Kalimpong is fifty-five kilometres from Darjeeling by road but feels, once you are inside it, like a different country. It sits in a valley at the convergence of the Teesta and Relli rivers, at around 1,250 metres, in an area that was for centuries a crossing point between Tibet, Bhutan, Sikkim, and the plains of Bengal. The trade routes are gone but the mixture is not — Kalimpong’s Sunday market has Nepali sellers, Tibetan vendors, Bengali buyers, and a general atmosphere of unhurried negotiation entirely different from the more tourist-organized feel of Darjeeling above.

I arrived on a Saturday afternoon with the intention of staying one night for the market and ended up staying four, which was the right decision. The flower nurseries were the first surprise: Kalimpong produces a significant share of India’s cut flowers, especially gladioli and orchids, and the hills outside town are full of nurseries that supply florists in Kolkata.

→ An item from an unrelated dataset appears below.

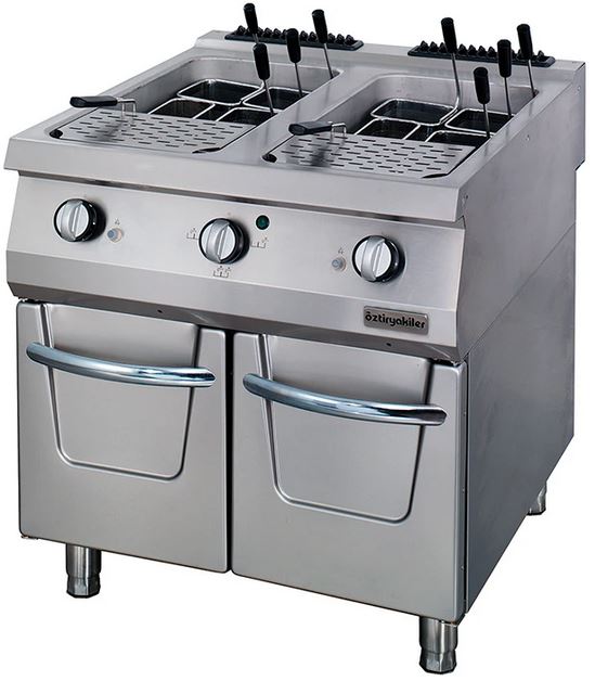 Макароноварка OZTI OMG 4090 используется на предприятиях общественного питания, торговли и пищевых производствах для варки макаронных изделий, овощей, морепродуктов, изделий из теста, гарниров и других продуктов. Модель оснащена механическим управлением, термостатом, аварийным устройством в случае затухания пламени, конфорками с микроперфорацией, краном и емкостью для слива воды. Материал корпуса и конфорок - высококачественная нержавеющая сталь, материал цельнотянутой емкости - высококачественная нержавеющая сталь AISI 316.
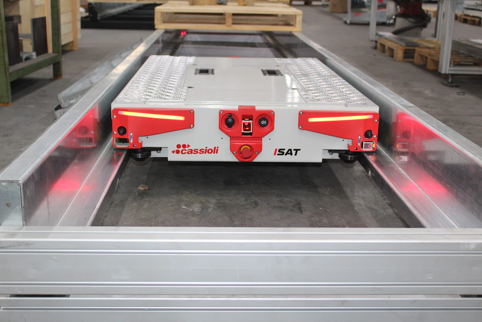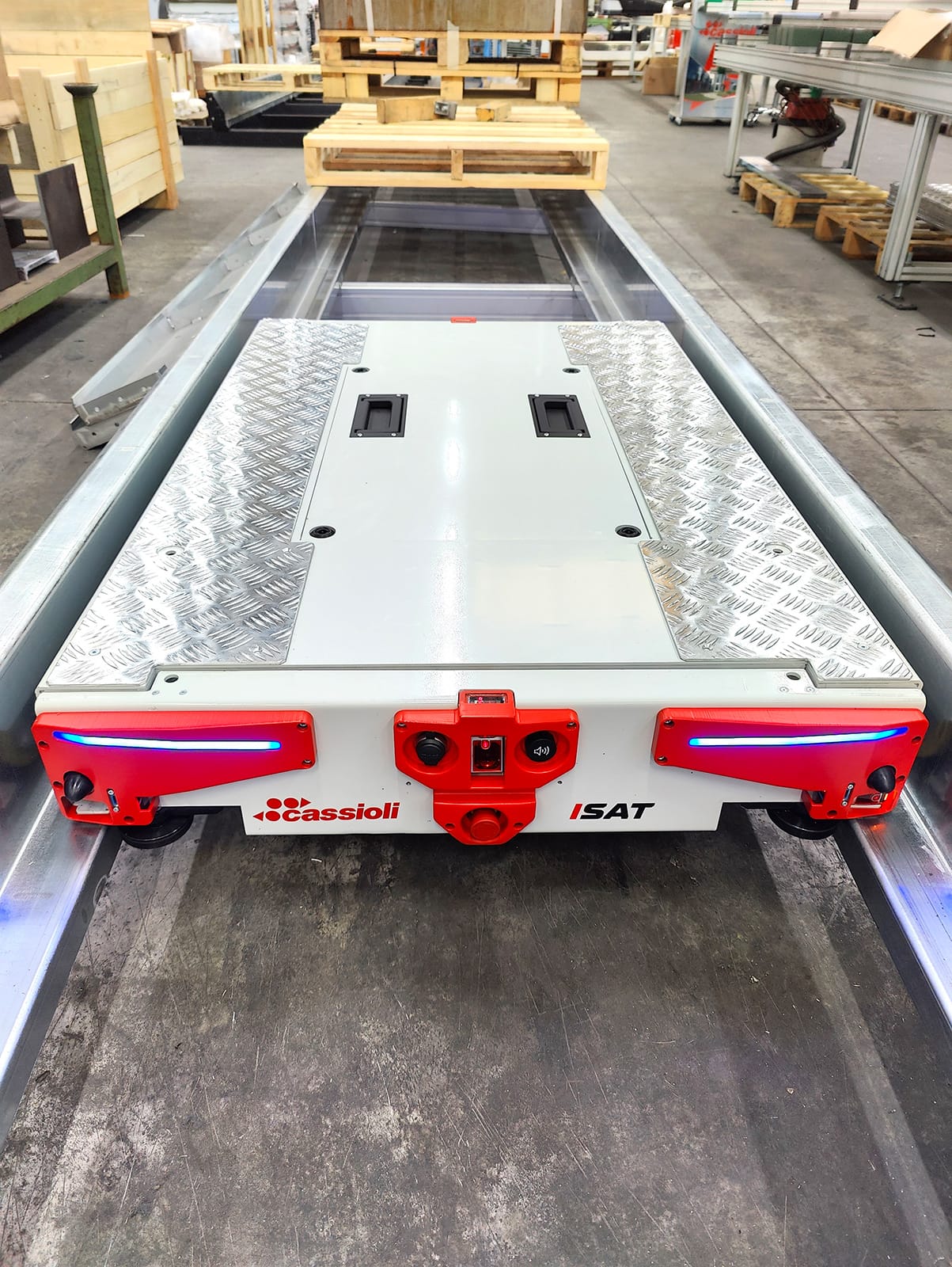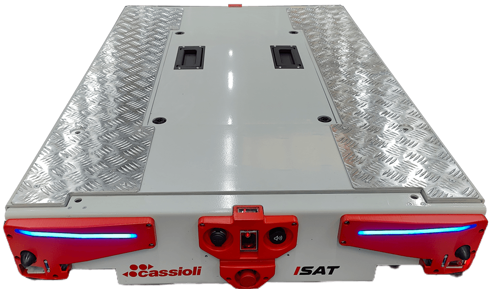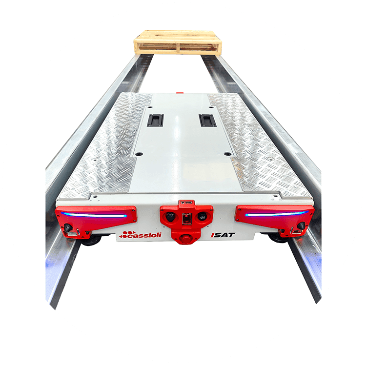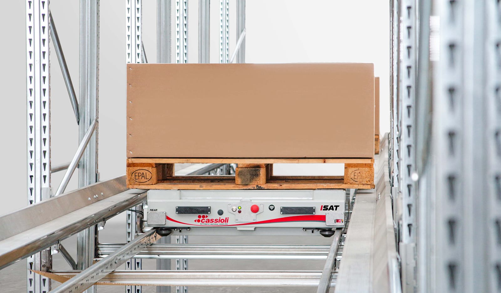 Il satellite (pallet shuttle) ISAT semi-automatico di Cassioli è stato progettato per lo stoccaggio di pallet ad elevata densità. ISAT semi-automatico permette lo stoccaggio di una grande quantità di pallet, con profondità di oltre 40 metri dal fronte di carico, consentendo l’ottimizzazione dello spazio dei magazzini e offrendo la possibilità di immagazzinare nello stesso canale di stoccaggio pallet di diverse profondità. ISAT, in modalità semi-automatica, viene comandato attraverso un telecomando gestito direttamente dall’operatore. Dal display del telecomando è possibile controllare in tempo reale le condizioni di esercizio. I segnalatori LED aiutano l’operatore a localizzare la posizione esatta del pallet shuttle nel magazzino. Il pallet shuttle ISAT è progettato anche per lavorare in ambienti con temperature inferiori allo zero: è quindi la soluzione ideale per operare in frigoriferi o congelatori industriali, senza influire minimamente sull’operatività e sulle performance degli stessi.

Walking into one of them — a long greenhouse of orchids at various stages of bloom, the owner labelling trays with a felt-tip pen, one radio playing film songs softly at the far end — was one of those encounters with completely specialized knowledge that makes you realize how much of the world runs on expertise you never think about.

Rows of orchids in a Kalimpong nursery greenhouse, from tight bud to full bloom

The Sunday market happened on the lower square and was not photogenic in any planned way. The arrangement was improvised, goods stacked without aesthetic intention, and the whole thing smelled of everything simultaneously — dried fish, fresh vegetables, incense from a nearby shop, oranges, mud on boots, rain on canvas. I bought a small thangka from a Tibetan woman who drove a hard bargain with a warmth that made the final price irrelevant. I bought dried apricots from someone who appeared to be selling from a personal surplus. I ate shakpa — a Tibetan meat and radish stew — standing next to a brazier where the vendor kept it warm over charcoal. He was generous about sharing the dry spot beneath his awning since it was raining lightly and I had nowhere else to stand.

Zang Dog Palri Fo Brang monastery, on a hill above town, is the main religious site — a Nyingma monastery with elaborate paintings in its prayer hall and a courtyard view of the Teesta valley that makes the climb worthwhile. But the town’s real character is in the streets below, in the quiet lanes of the old market where buildings lean toward each other across the road and the light comes through at angles that explain exactly why this valley has been collecting people for centuries.

The Teesta River valley seen from a hilltop above Kalimpong on a clear afternoon, mist filling the lower gorge

When to go: October through March is ideal — dry, clear, and cool. The Sunday market operates year-round. The flower nurseries peak in spring (March–April) when gladioli and orchids are in full production. Avoid July–August peak monsoon if possible; the Teesta can flood and roads to Darjeeling may close.